California Court of Appeal Upholds Strict Compliance with Reporting Requirements in Claims-Made Policies
On Tuesday, February 25, 2020, the California Court of Appeal added another opinion to its growing body of case law on claims made and reported issues, holding that there is no coverage under a claims-made employment practices liability policy for a claim that was not timely reported when it was first made in an administrative proceeding, and that the insurer need not show it was prejudiced to deny coverage on that ground. The Court’s decision affirmed the judgment of the Los Angeles County Superior Court sustaining the demurrer of Greenwich Insurance Company and XL Insurance America Inc (XL).
In 2018, Troutman Sanders obtained a judgment in favor of XL after the trial court sustained its demurrer, without leave to amend. The trial court held that Charges of Discrimination filed with the Department of Fair Employment and Housing (DFEH Charge) were Claims, as that term was defined under the employment practices liability policy. Because the policy provided claims-made coverage, the insured was required to report the DFEH Charge to the program administrator identified in the declarations “as soon as practicable” but no later than 60 days after the expiration of the policy period.
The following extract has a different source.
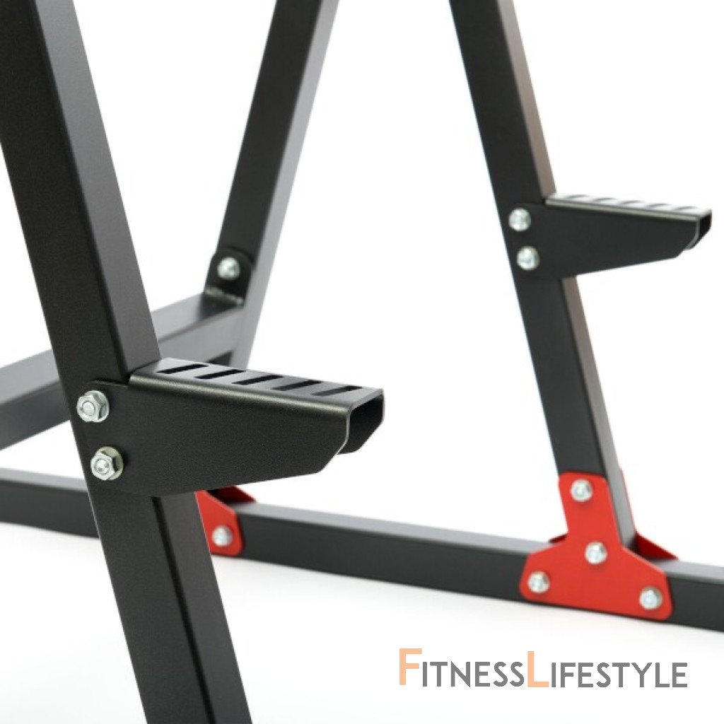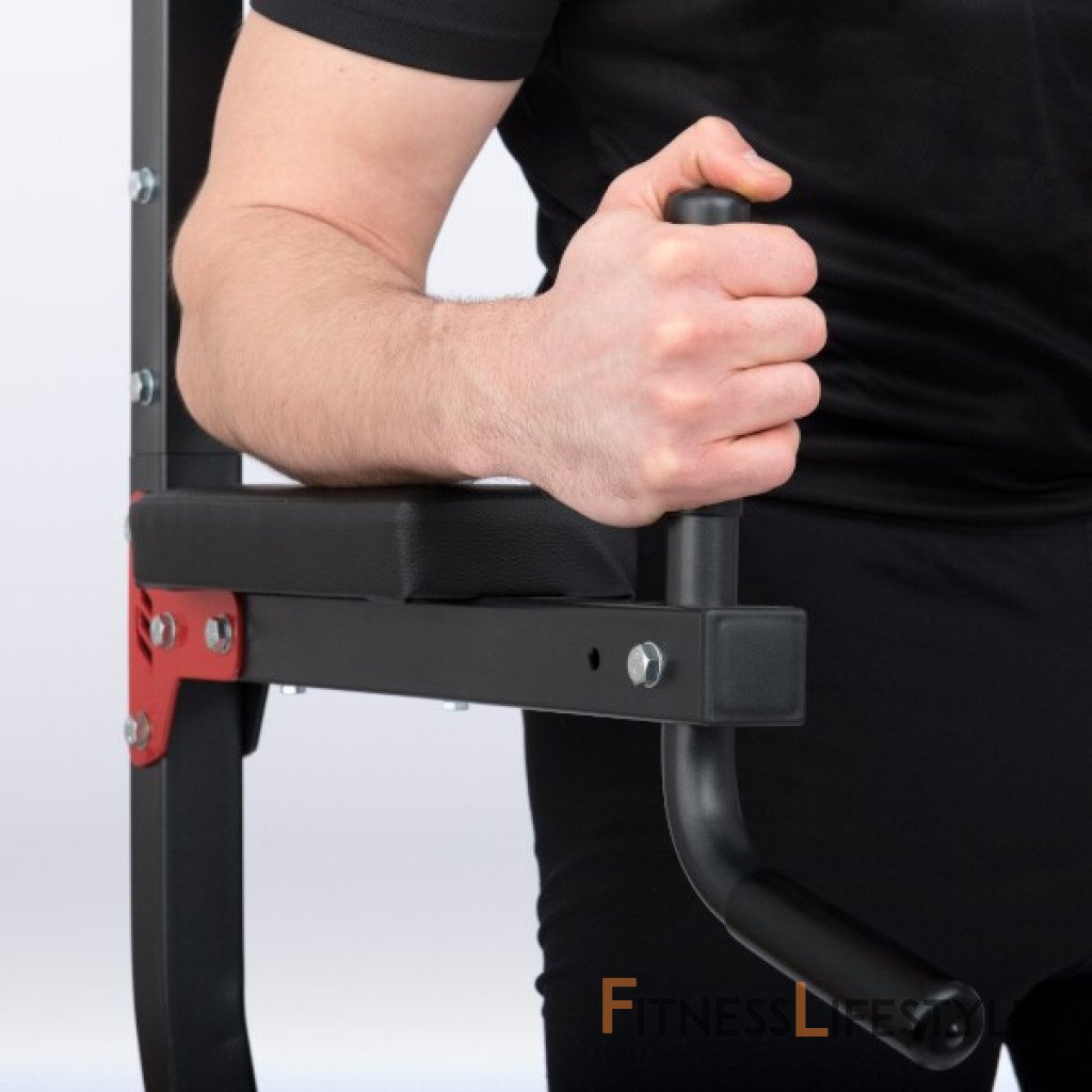 Pohodlné polstrovanie je opatrené sytetickou kožou. Lakťovej opierky sú doplnené madlami, ktorá sa dajú nastaviť do vzdialenosti 38, alebo 42 centimetrov. Bradlá MH-U102 2.0 umožňujú tréning predkopávanie a dipov. Pravidelným cvičením teda posilňujete svaly brucha, ramien a paží. Ak ste menšieho vzrastu, tak iste oceníte oceľové stupačky, ktoré uľahčujú pohodlné dosiahnutie pracovnej pozície. Podpery na kľučky sú vo výške 13,5 centimetrov. Kľučky tak môžete trénovať v celom rozsahu pohybu aj pod úroveň dlaňou. Hrazda so širokým úchopom má madlá vo výške 223 cm a vo vzdialenosti približne 84 centimetrov.

Even though the insured reported the DFEH Charge to its insurance broker within the policy period, the trial court held that such notice did not satisfy the reporting requirements of the policy, which required notice to the insurer’s program administrator. The insured’s failure to provide timely notice of the DFEH Charge precluded coverage for both the DFEH Charge and the subsequent civil complaint filed against the insured, as the trial court also held that the insured’s subsequent tender of the civil complaint to the program administrator, after the end of the policy period, was untimely.
On appeal, the insured argued that the trial court erred in sustaining the demurrer because the insured sufficiently alleged that its tender was timely, and even if it was not, the insurer could not deny coverage for the Claim without demonstrating prejudice. In a 19-page unpublished opinion, the Court of Appeal affirmed the judgment in full. The opinion touched upon several heavily litigated areas of insurance law, including whether an administrative charge constitutes a claim under an employment practices liability policy (here, it was), whether an insured’s broker may be deemed to be an agent of notice for an insurer (not in this case), and whether the notice-prejudice rule applies to claims-made coverage (not in California). The Troutman Sanders team consisted of Jennifer Mathis and Jenni Katzer.
The opinion is available on Westlaw as AHSL Enters. v. Greenwich Ins. Co., No. B292484, 2020 WL 897259 (Cal. Ct. App. Feb. 25, 2020) and on Lexis as AHSL Enters. v. Greenwich Ins. Co., No. B292484, 2020 Cal. App. Unpub. LEXIS 1279 (Feb. 25, 2020).